Design and analysis of an efficient low power low delay low leakage clock keeper domino logic

Abstract

The design and development of CMOS VLSI semiconductor circuits employing deep sub-micron technology has faced significant challenges, primarily in terms of propagation delay and power consumption. This work introduces a new method called low leakage clock keeper domino logic (LLCKDL) for creating CMOS logic gates. The purpose of this approach is to decrease the amount of power consumed via leakage and enhance the efficiency of the gates in terms of noise. Existing and suggested methodologies can be employed to develop 16-bit input OR gates and simulated using GPDK 45 nm CMOS technological node in Cadence with a clock frequency of 10 MHz. The simulation results have been assessed by comparing the power usage, unity noise gain (UNG) and propagation latency. The Simulation outcomes show that the average power usage for the suggested domino has been improved to 87.12 %, 89.83 %, 93.38 %, 90.24 %, 86.4 %, and 88.01 % concerning CEDL, CMFD, CSK-DL, HSCD, FDSTDL and GPKD respectively. The delay for the suggested design has been improved to 42.66 %, 56.31 %, 29.97 %, 18.18 %, 11.25 %, and 16.95 % concerning CEDL, CMFD, CSK-DL, HSCD, FDSTDL, and GPKD respectively.
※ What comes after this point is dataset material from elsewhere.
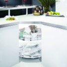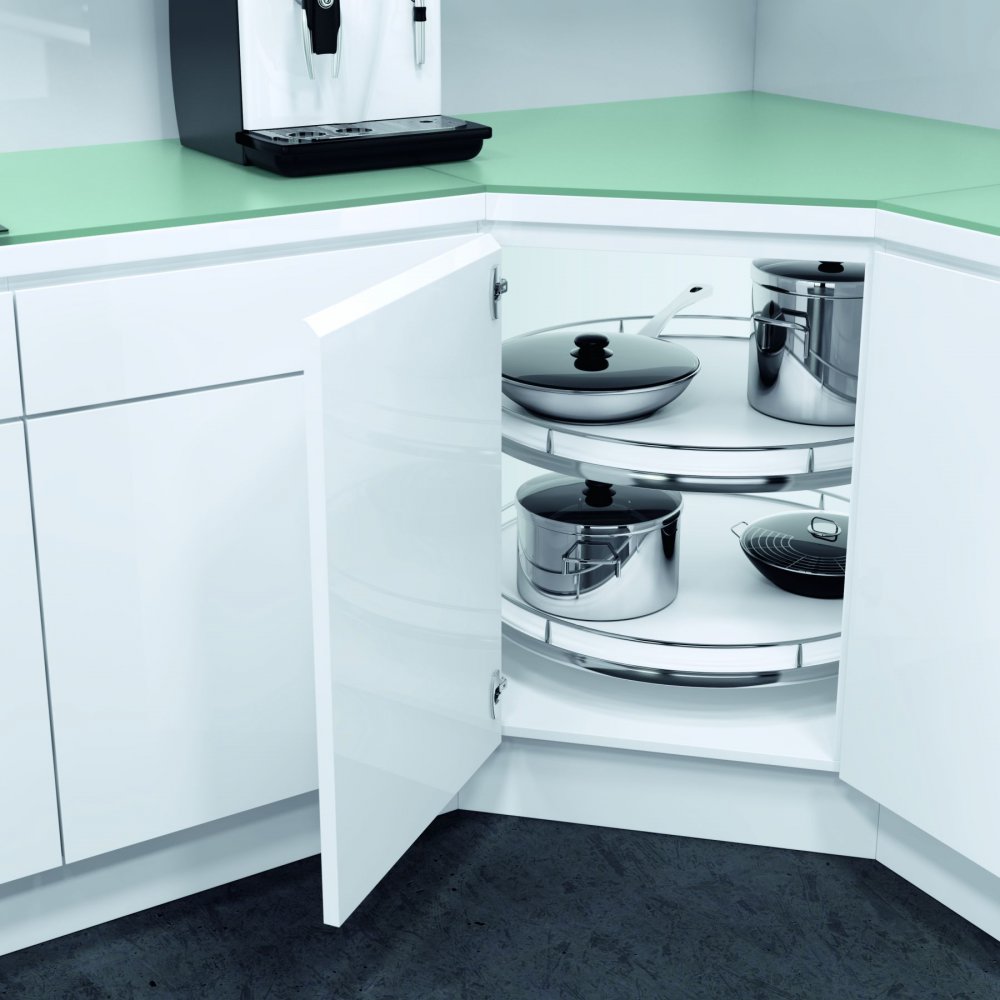 Semicircular shelves are usually a grid, and round - a plastic case with a metal rim at the edges. The diameter of the pads is from 700 mm to 1100, the height of the support column can be adjusted at its discretion in the range from 680 to 750 mm, which practically makes the design universal. Carousel can withstand weight up to 50 kg! This means that you can store on miracle shelves any non-square shaped dishes, ranging from cutlery and ending with cast iron pots and heavy pans.

The PDP for the suggested design has been improved to 92.62 %, 95.56 %, 95.37 %, 92.02 %, 87.94 % and 90.05 % concerning CEDL, CMFD, CSK-DL, HSCD, FDSTDL and GPKD respectively. The EDP for the suggested design has been improved to 95.78 %, 98.06 %, 96.76 %, 93.49 %, 89.28 % and 91.76 % concerning CEDL, CMFD, CSK-DL, HSCD, FDSTDL and GPKD respectively.